The difference between the sample proportions of male and female is -0.001


In [29]:
moe = z_score*std_error # margin of error

lower = prop_diff - moe # lower level of confidence interval
upper = prop_diff + moe # upper level of confidence interval

print("Margin of Error:", round(moe,3))
print("Confidence Interval:", [round(lower,3),round(upper,3)])

Margin of Error: 0.015
Confidence Interval: [-0.016, 0.013]


The is a **99% chance** that the true difference between male and female churn percentages is between *-.016 and .013.*

This means we are **99% confident** that there exists a difference between male and female churn percentages.

### Z-Score & P-Value

In [30]:
p = prop_m = prop_f # assuming null hypothesis is true

p_hat = (churn_m + churn_f) / (n + n) # new proportion assuming null-hypothesis is true

std_error = math.sqrt((2 * p_hat * (1-p_hat))/n) # standard error of sampling proportion assuming null-hypothesis is true

z_score = (prop_diff - 0)/std_error # calculate z score

p_value = stats.norm.sf(abs(z_score)) #calculate p-value

print('Z-score:', round(z_score,2))
print('P-Value:', round(p_value,4))

Z-score: -0.22
P-Value: 0.4116


The probability of getting a Z-score **as extreme or more extreme** than -.22 is .004116%, *assuming the null-hypothesis is true*. 
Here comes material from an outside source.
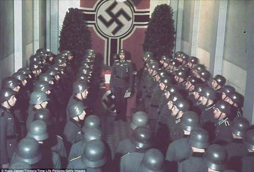 这些照片大部分摄于希特勒的多次生日庆典上。他的50岁生日是在1939年4月,因盛大阅兵而备受瞩目。仅仅5个月后,他命令纳粹军队开进波兰。这一行动标志着欧洲战场的开辟。

Since our p-value is **greater than** our predetermined significance level of 0.01, we **do not reject** the null hypothesis and assume **no statistical significance** in the difference between proportions of male and female churn rates.

### Conclusion

Firstly, our statistical analysis says that we are *confident* that the true difference between winning percentages on blue and red side is between -.016 and 0.013, 99% of the time. Thus, we are quite confident that the true difference is between -.016 and 0.013 **BUT** that percentage is **AT MOST** less than 1.5%. 

Furthermore, our analysis **ONLY** looked at the relationship male and female and simply looking at this analysis, gender should not be a predicting variable when looking into churn.

Thus, when advising a telecom to take action upon this analysis or not to take action, it is clear to not focus on the gender of the customer although it was a factor that I was curious in delving into.